We observed that PBMC of active BD patients showed a significant response compared to healthy subjects upon LPS stimulation. Stimulation of PBMC with LPS resulted in a significant increase in TNF-α production, but this increase in PBMC of BD patients was much higher compared to healthy subjects used as controls. We found that inhibition of SFKs activity by PP2 dramatically blocked LPS-induced TNF-α release. TNF-α is the most important cytokine in the initiation and progression of inflammatory disease. As TNF-α is involved in the pathogenesis of chronic inflammatory conditions, an increased TNF-α level is associated with destructive inflammatory process in many inflammatory diseases, including BD [33-35]. Indeed, previous studies reported increased serum level of TNF-α in active BD patients [36, 37]. Our results suggest that SFKs activity is required for LPS-induced TNF-α production in PBMC of active BD patients.

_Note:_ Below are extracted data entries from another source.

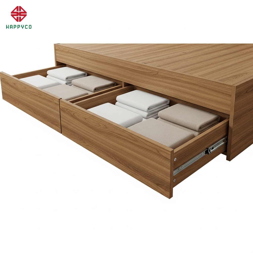 Hệ ngăn kéo âm: Phía dưới bục, chúng tôi tích hợp các ngăn kéo sử dụng ray trượt giảm chấn để đựng chăn ga, gối đệm. Một căn phòng gọn gàng, đồ đạc được cất giấu kín đáo sau lớp ván Melamine phẳng tắp chính là điều kiện tiên quyết để luồng khí tốt (vượng khí) lưu thông thuận lợi.
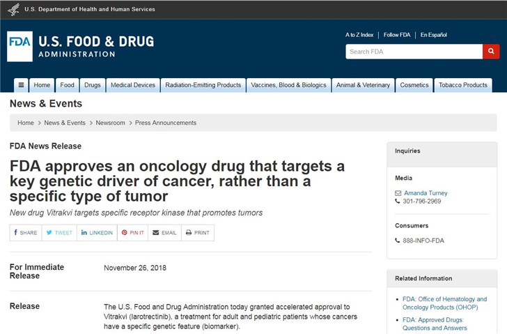 FDA加速批准泛癌种靶向药 Vitrakvi(拉罗替尼)上市,是否为“广谱神药”?
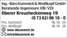 Ing.-Büro Kummich & Weißkopf GmbH 07362 96 18-0 Bopfingen Oberer Kreuzheckenweg 19 73441
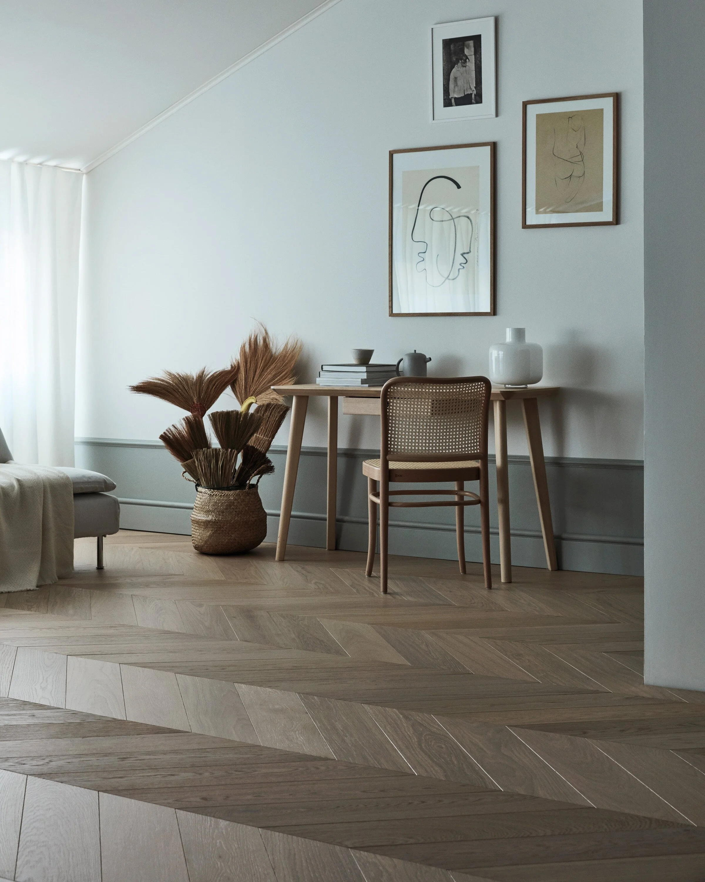 Gjør treoverflaten personlig og uttrykksfull samt forbedrer gulvets håldbarhet.
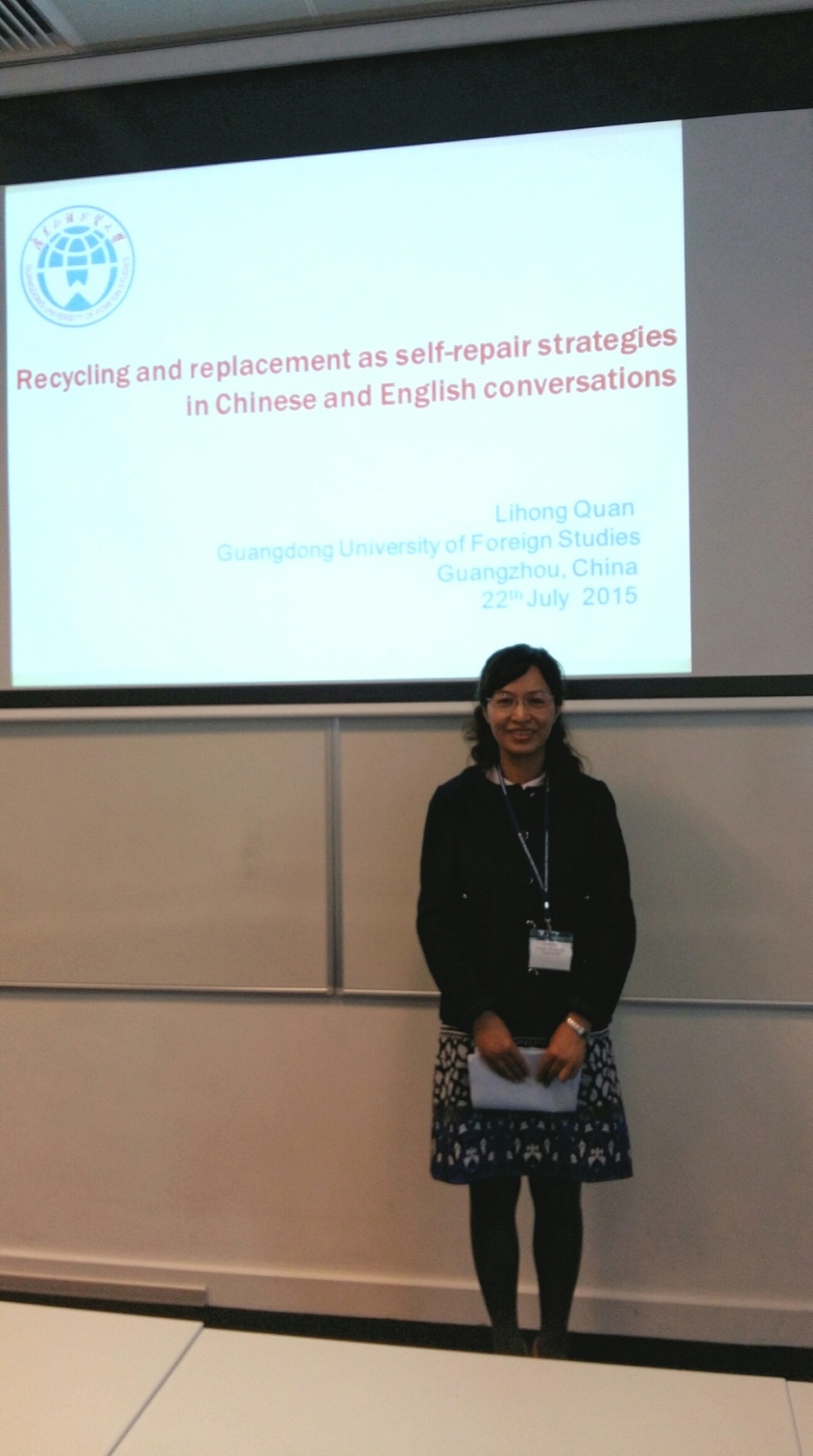 在分组会议上,权立宏教授作了题为“Recycling and replacement as self-repairstrategies in Chinese and English conversations"的发言。该研究基于英语口语语料库和权立宏及课题组新建设的汉语口语语料库,从汉英语序、句法投射性和句子成分复杂度等作为概念分析框架,探讨了汉英本族者在会话自我修补使用上的异同。该发言得到国内外学者的关注及热烈讨论。参会期间,权立宏与各国学者进行了广泛的交流;与比利时鲁汶大学的Sylviane Granger教授交流与分享了使用学习者语料库的经验和体会;并与北京外国大学语料库语言学团队的老师就基于自然语境下的汉语本族语者口语语料库合作开发达成了初步意向。
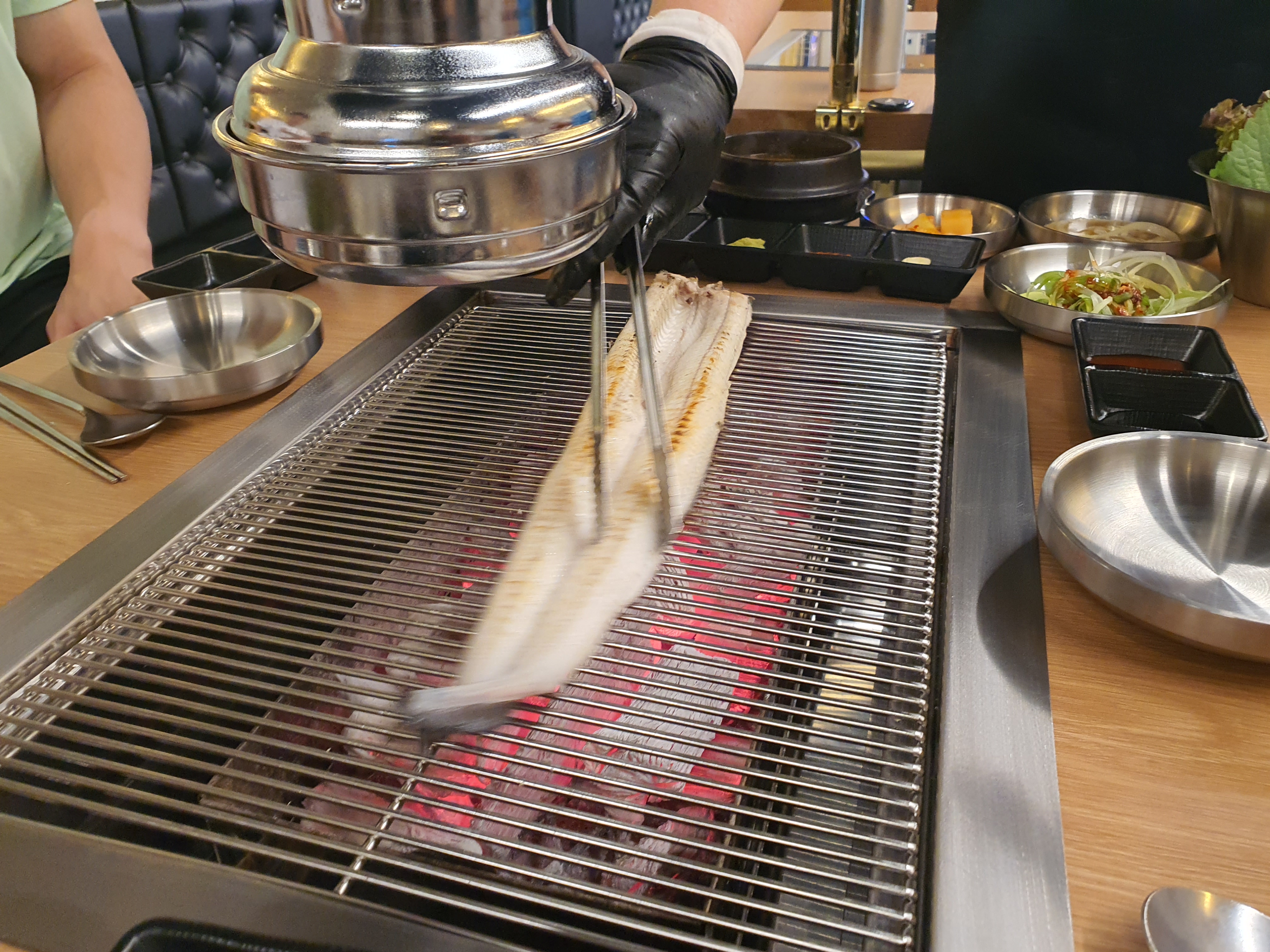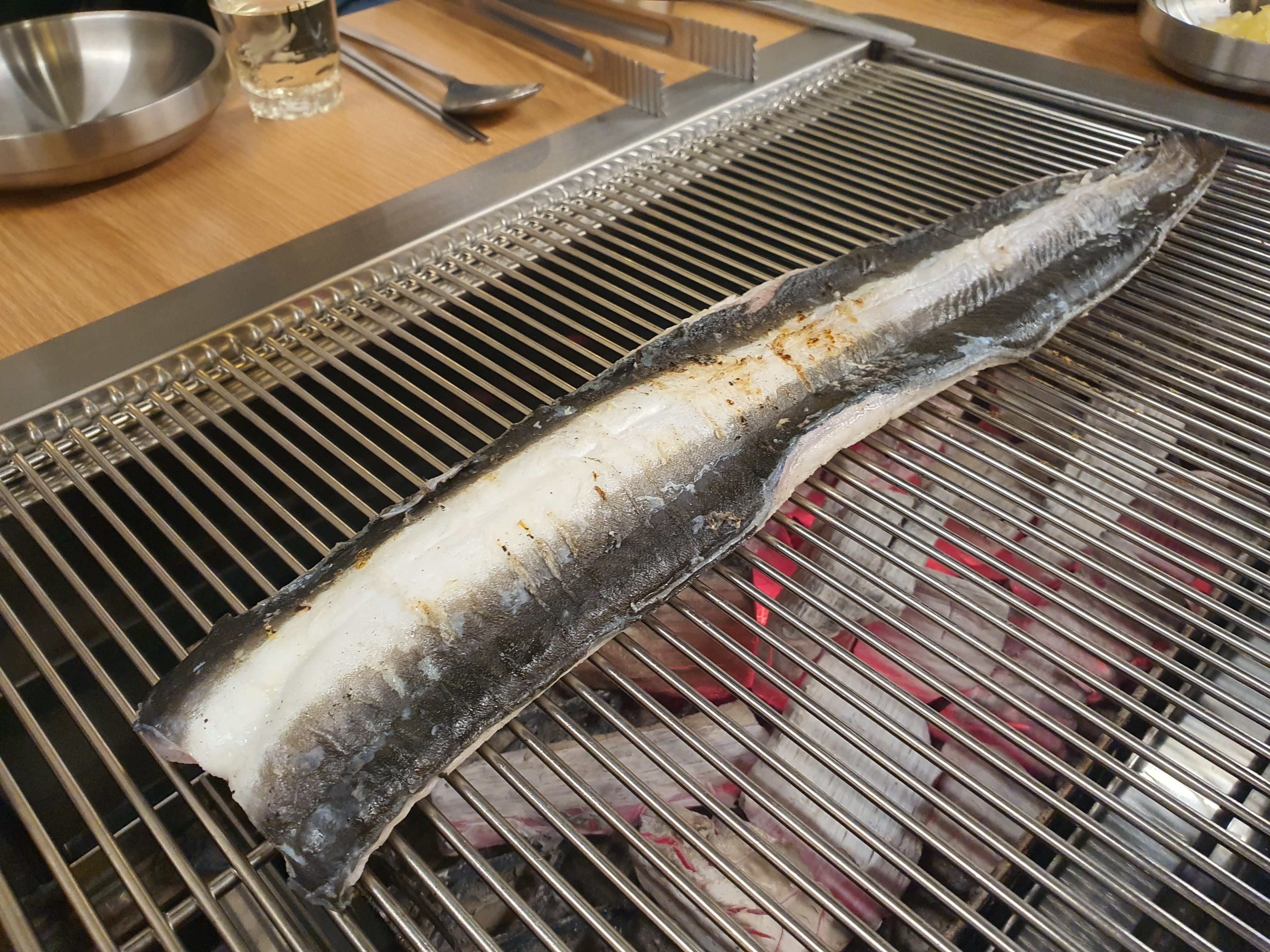 장어 상태도 꽤나 좋은 편이다. 이렇게 한마리씩 구워주시는데 상당히 쌘 불에 바싹 익혀서 기름기가 쏙 빠진 장어를 맛볼 수가 있다. 특히나 소고기와 장어의 궁합은 꽤나 좋은 편인데 평소 삼겹살과 장어를 먹어본 사람들이라면 소고기 조합으로 먹어보면 이 조합이 절대 나쁘지 않다는 것을 알 수가 있다.
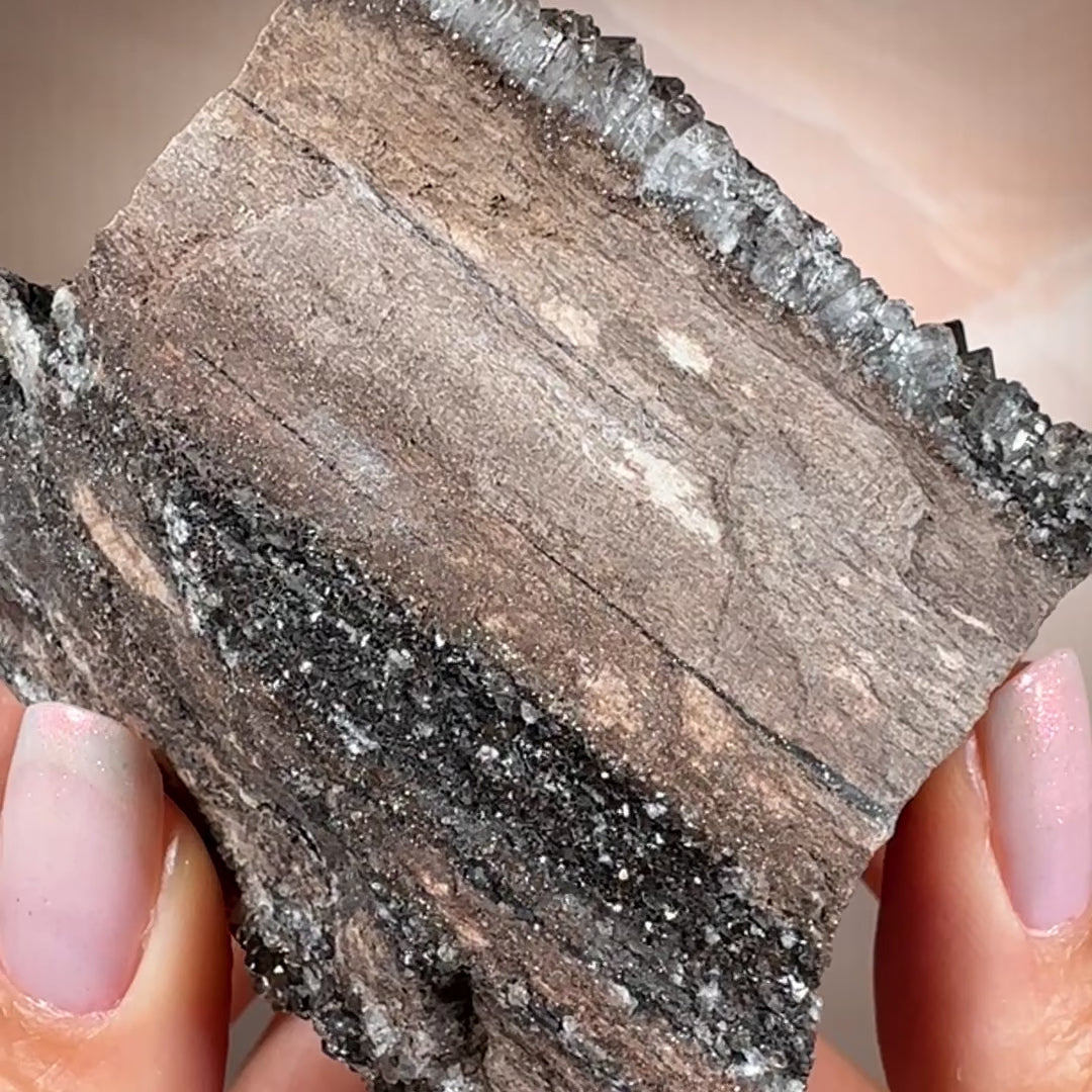 Also known as “Pangea Wood,” this rare 225-million-year-old fossil shimmers with natural smoky quartz crystals. Each piece sparkles like stars across ancient grain, carrying the story of volcanic fire, sweeping floods, and the slow alchemy of fossilization.
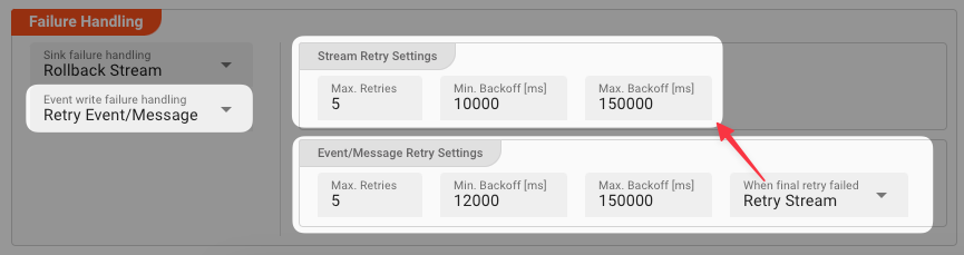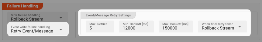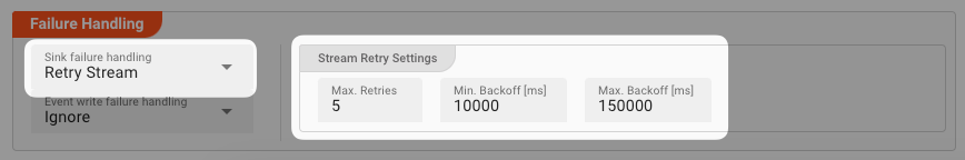 Max. Retries: The number of retries which should be performed. For example "5".Min. Backoff [ms]: Wait at least x milliseconds between each retry. For example "12000" (12 seconds).Max. Backoff [ms]: Wait at max x milliseconds between each retry. For example "150000" (150 seconds).
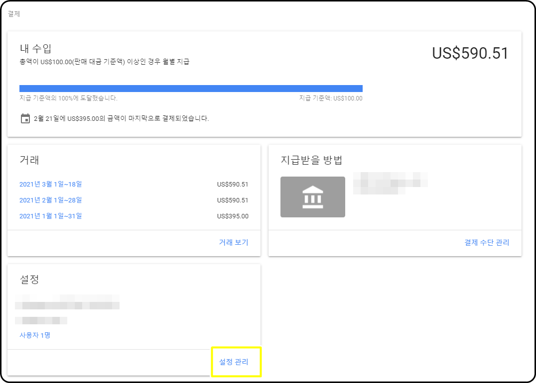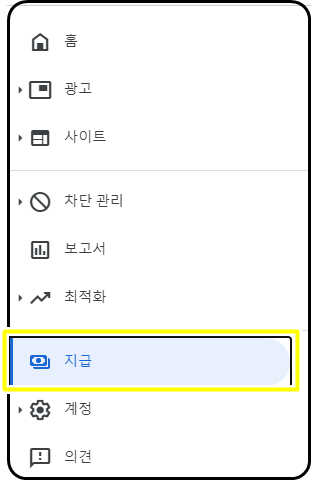 1.애드센스에 접속한 후 좌측 메뉴에서 지급으로 이동
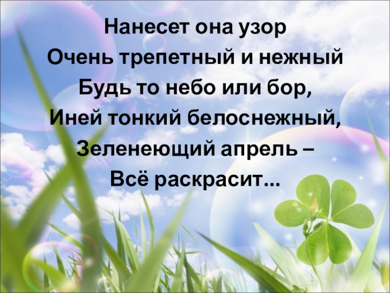 Нанесет она узорОчень трепетный и нежныйБудь то небо или бор,Иней тонкий белоснежный,Зеленеющий апрель –Всё раскрасит...
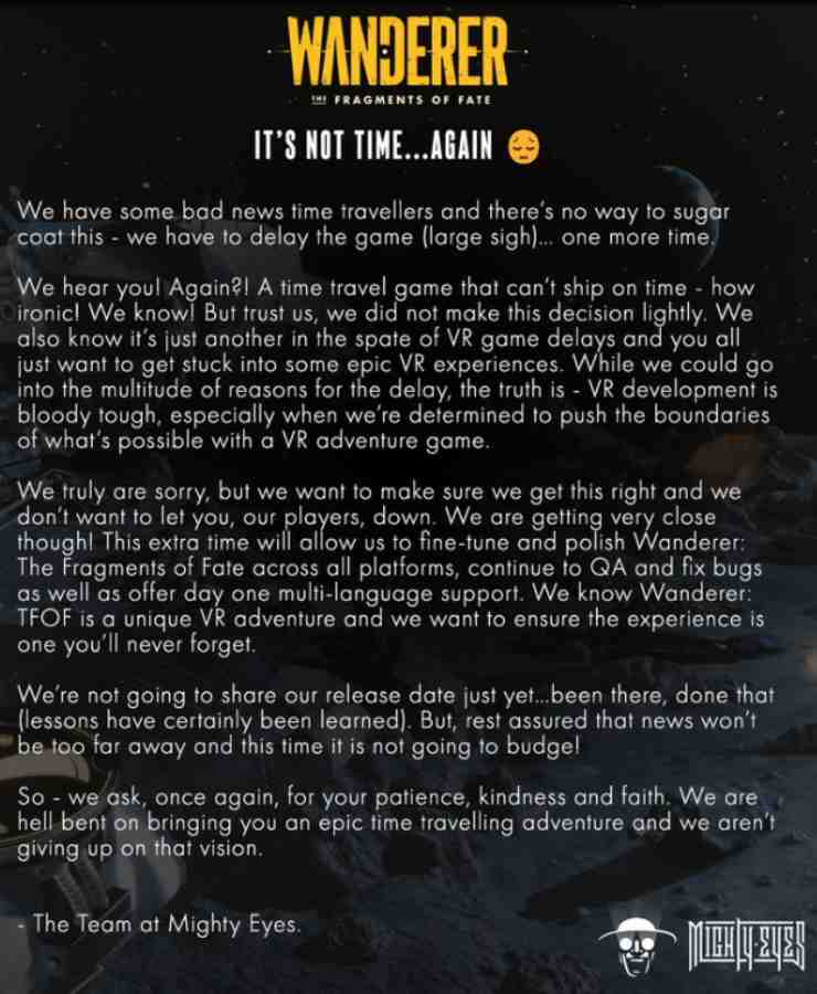 Wanderer: The Fragments of Fate è un gioco in VR tra i più interessanti di sempre, ma purtroppo il suo lancio non è affatto vicino. Come annunciato dagli sviluppatori di Mighty Eyes, infatti, il prodotto non verrà più lanciato a ottobre 2024, cioè questo mese, come preventivato dopo l’ultimo rinvio. Al momento non ci sono date ufficiali, ma gli sviluppatori fanno sapere che servirà tempo.
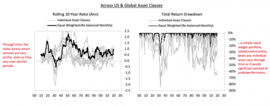 위에서 언급한 2개의 원칙과 정치인(policymaker)들이 시장의 극단적인 가격에 개입함에 따라 가격은 반대 폭으로 크게 움직이고 패러다임의 변화가 발생합니다. 그렇기에 하나의 투자에 비해서 다각화가 잘 되고 주기적으로 리밸런싱 되는 포트폴리오가 더 높은 리스크 기대 수익을 얻을 것입니다.
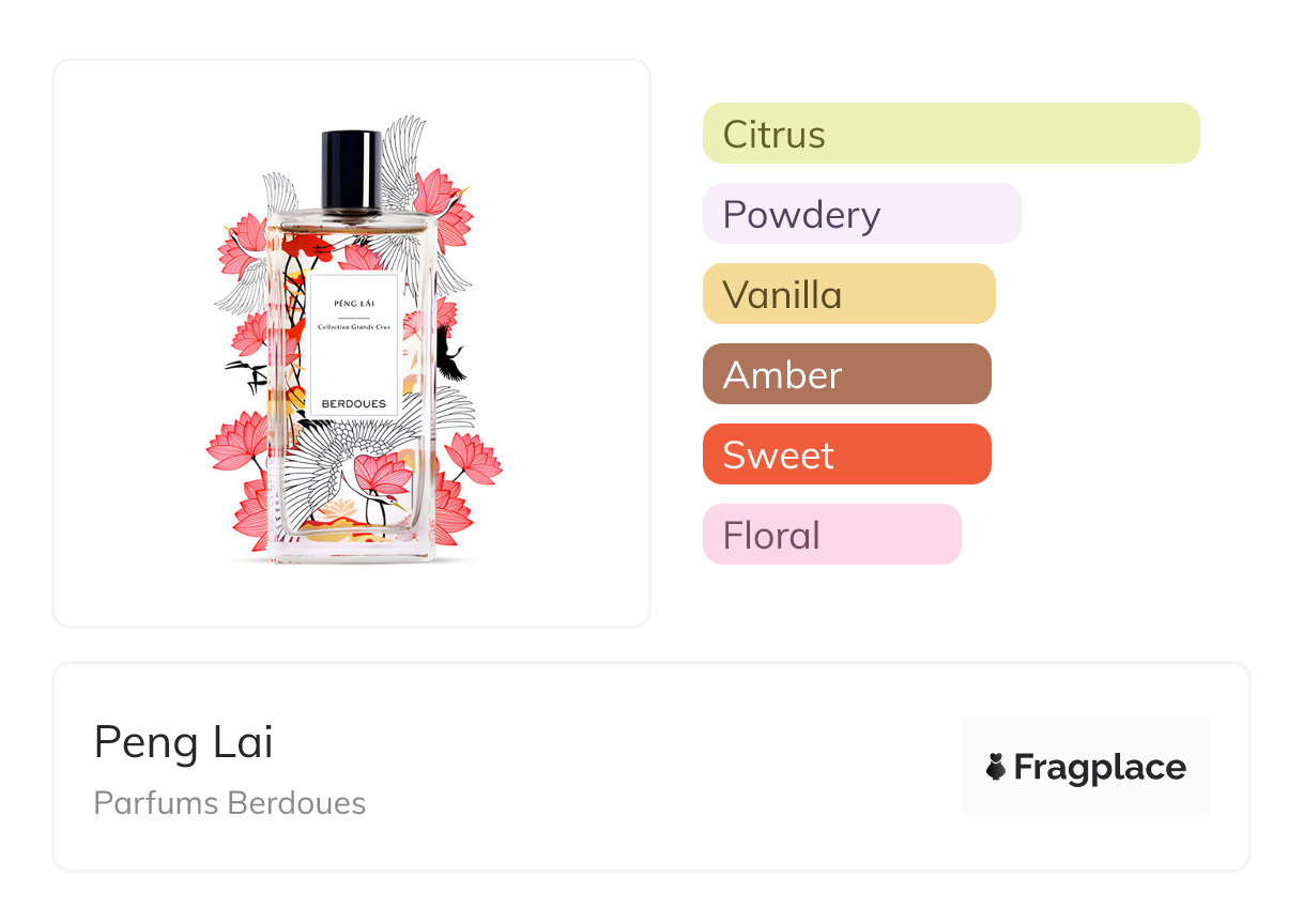 Peng Lai، من Parfums Berdoues تم إطلاقه في 2018. خبير العطور وراء هذا الإبداع هو غير معروف. يحتوي على النوتات العلوية من البرغموت, ليمون, برتقال يوسفي, and أوسمانثوس, النوتات الوسطى من البنزوين, زهر البرتقال, خوخ, and روز, and النوتات الأساسية من إيزو إي سوبر, المسك, تونكا بين, الفانيليا, and البنفسج.

It is known that LPS-induced TLR4 signaling leads to an increase in TNF-α protein level [38]. Here we also showed that TNF-α protein level was increased in response to LPS stimulation. Interestingly, PBMC of BD patients gave a much higher response to the LPS stimulation than PBMC of controls. The amount of TNF-α protein level in PBMC of BD patients was significantly increased compared to PBMC of healthy subjects upon LPS stimulation. LPS-induced TNF-α production was suppressed by chemical inhibition of SFKs activity. This result indicates that PBMC of BD patients is more prone to production of inflammatory TNF-α cytokine associated with inflammatory disorders and SFKs activity is necessary for LPS-induced TNF-α production in PBMC of active BD patients. To our knowledge, this is the first example showing the pharmacological inhibition of SFKs activity is able to modulate LPS-induced TNF-α production in PBMC of active BD patients.

Herein, we showed that IL-6 and IL-8 levels in PBMC of BD patients were also increased in response to LPS stimulation. A previous study reported that LPS-induced IL-6 production was reduced by 50% upon PP2 treatment in primary human macrophages [19]. However, our results revealed that LPS-induced IL-6 and IL-8 production were not significantly affected by the chemical inhibition of SFKs activity. One possible explanation for this result is that SFKs have a differential effect on LPS-induced inflammatory cytokines production in PBMC. SFKs might be a potential future drug target for BD treatment. Further study is required to elucidate which SFKs members are exactly required for regulation of TLR4 involved signaling pathways in BD.

5. Conclusion

In conclusion, this study has investigated the role of SFKs on LPS-induced inflammatory cytokines/chemokines production in PBMC of active BD patients. Blocking SFKs activity by PP2 resulted in inhibition of LPS-induced TNF-α production, suggesting that SFKs are a key component of TLR4 involved signaling pathways. Further study is required to elucidate which SFKs members are exactly required for regulation of TLR4 involved signaling pathways in BD. Taken together, SFKs might be a potential future drug target for BD treatment.